- TASK DIRECTIONS
Which lines of the data below hold "Globalización"? Copy each of them.

- DATA EXTRACT
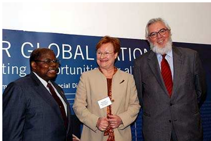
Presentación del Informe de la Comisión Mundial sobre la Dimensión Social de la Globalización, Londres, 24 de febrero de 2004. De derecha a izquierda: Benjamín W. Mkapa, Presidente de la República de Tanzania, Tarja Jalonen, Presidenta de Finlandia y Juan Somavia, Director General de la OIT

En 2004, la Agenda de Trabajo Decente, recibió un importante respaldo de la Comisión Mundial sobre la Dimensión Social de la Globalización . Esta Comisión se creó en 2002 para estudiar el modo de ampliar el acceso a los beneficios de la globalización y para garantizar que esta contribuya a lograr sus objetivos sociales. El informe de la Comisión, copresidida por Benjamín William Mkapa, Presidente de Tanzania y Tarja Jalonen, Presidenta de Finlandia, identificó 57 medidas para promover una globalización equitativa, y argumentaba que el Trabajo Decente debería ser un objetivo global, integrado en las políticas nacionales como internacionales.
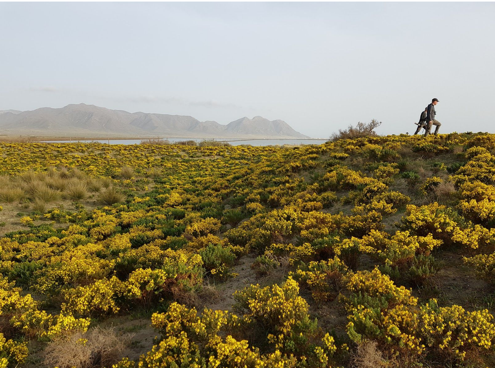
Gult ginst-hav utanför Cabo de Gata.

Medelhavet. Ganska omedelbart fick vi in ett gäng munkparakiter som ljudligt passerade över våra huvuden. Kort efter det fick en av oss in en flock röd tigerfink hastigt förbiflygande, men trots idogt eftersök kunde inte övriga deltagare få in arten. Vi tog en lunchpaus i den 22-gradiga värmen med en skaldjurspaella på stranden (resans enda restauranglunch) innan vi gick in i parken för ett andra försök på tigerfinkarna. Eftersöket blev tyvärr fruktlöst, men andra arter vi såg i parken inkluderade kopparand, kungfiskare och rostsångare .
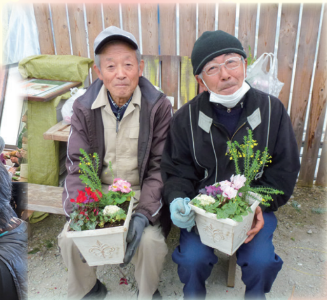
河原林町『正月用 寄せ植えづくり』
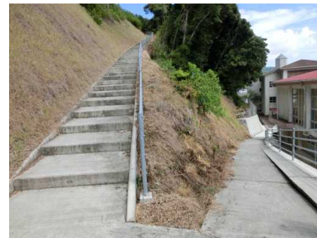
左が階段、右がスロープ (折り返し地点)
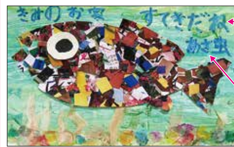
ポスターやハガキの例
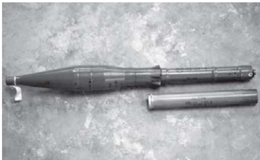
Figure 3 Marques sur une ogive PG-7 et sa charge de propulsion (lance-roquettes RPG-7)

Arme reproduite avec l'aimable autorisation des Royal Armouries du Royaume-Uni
* * *
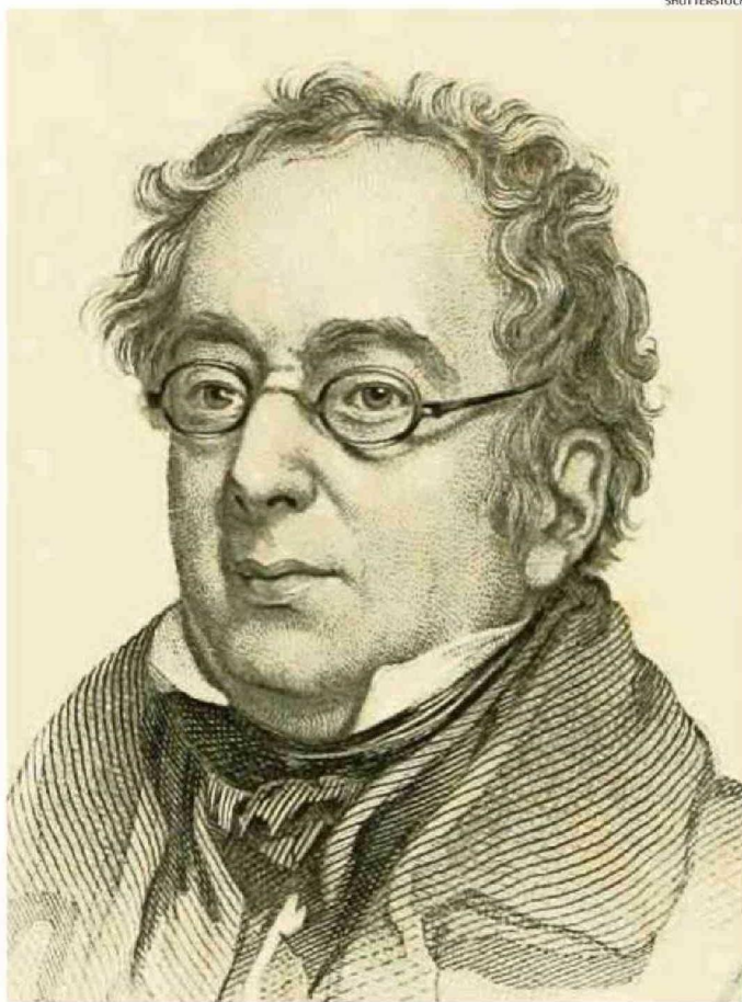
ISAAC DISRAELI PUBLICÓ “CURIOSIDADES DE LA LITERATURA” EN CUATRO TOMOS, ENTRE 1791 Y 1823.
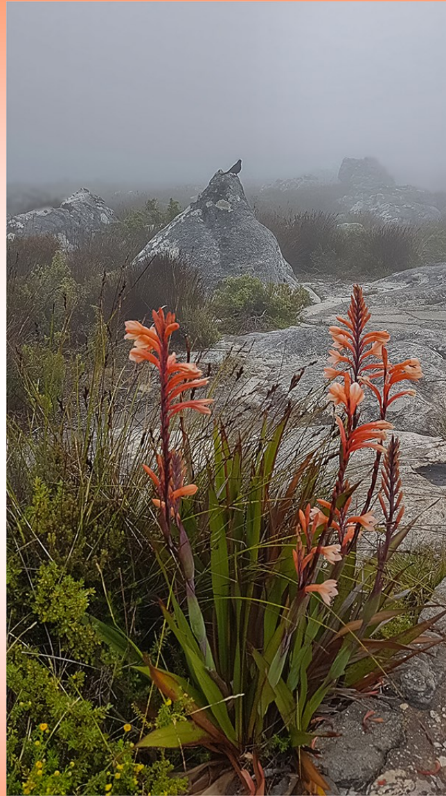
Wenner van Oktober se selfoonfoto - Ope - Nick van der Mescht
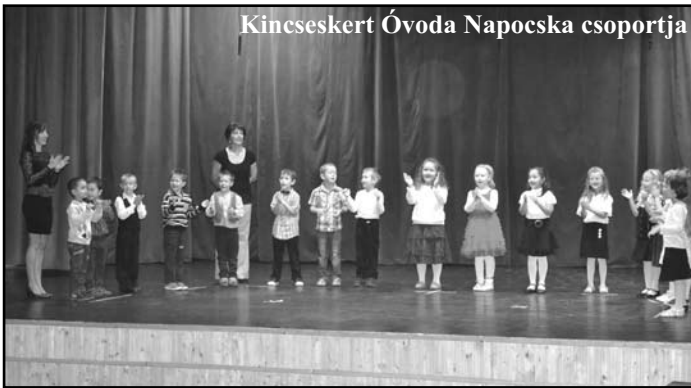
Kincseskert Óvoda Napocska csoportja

- WORKED SOLUTION
Presentación del Informe de la Comisión Mundial sobre la Dimensión Social de la Globalización, Londres, 24 de febrero de 2004. De derecha a izquierda: Benjamín W. Mkapa, Presidente de la República de Tanzania, Tarja Jalonen, Presidenta de Finlandia y Juan Somavia, Director General de la OIT
En 2004, la Agenda de Trabajo Decente, recibió un importante respaldo de la Comisión Mundial sobre la Dimensión Social de la Globalización . Esta Comisión se creó en 2002 para estudiar el modo de ampliar el acceso a los beneficios de la globalización y para garantizar que esta contribuya a lograr sus objetivos sociales. El informe de la Comisión, copresidida por Benjamín William Mkapa, Presidente de Tanzania y Tarja Jalonen, Presidenta de Finlandia, identificó 57 medidas para promover una globalización equitativa, y argumentaba que el Trabajo Decente debería ser un objetivo global, integrado en las políticas nacionales como internacionales.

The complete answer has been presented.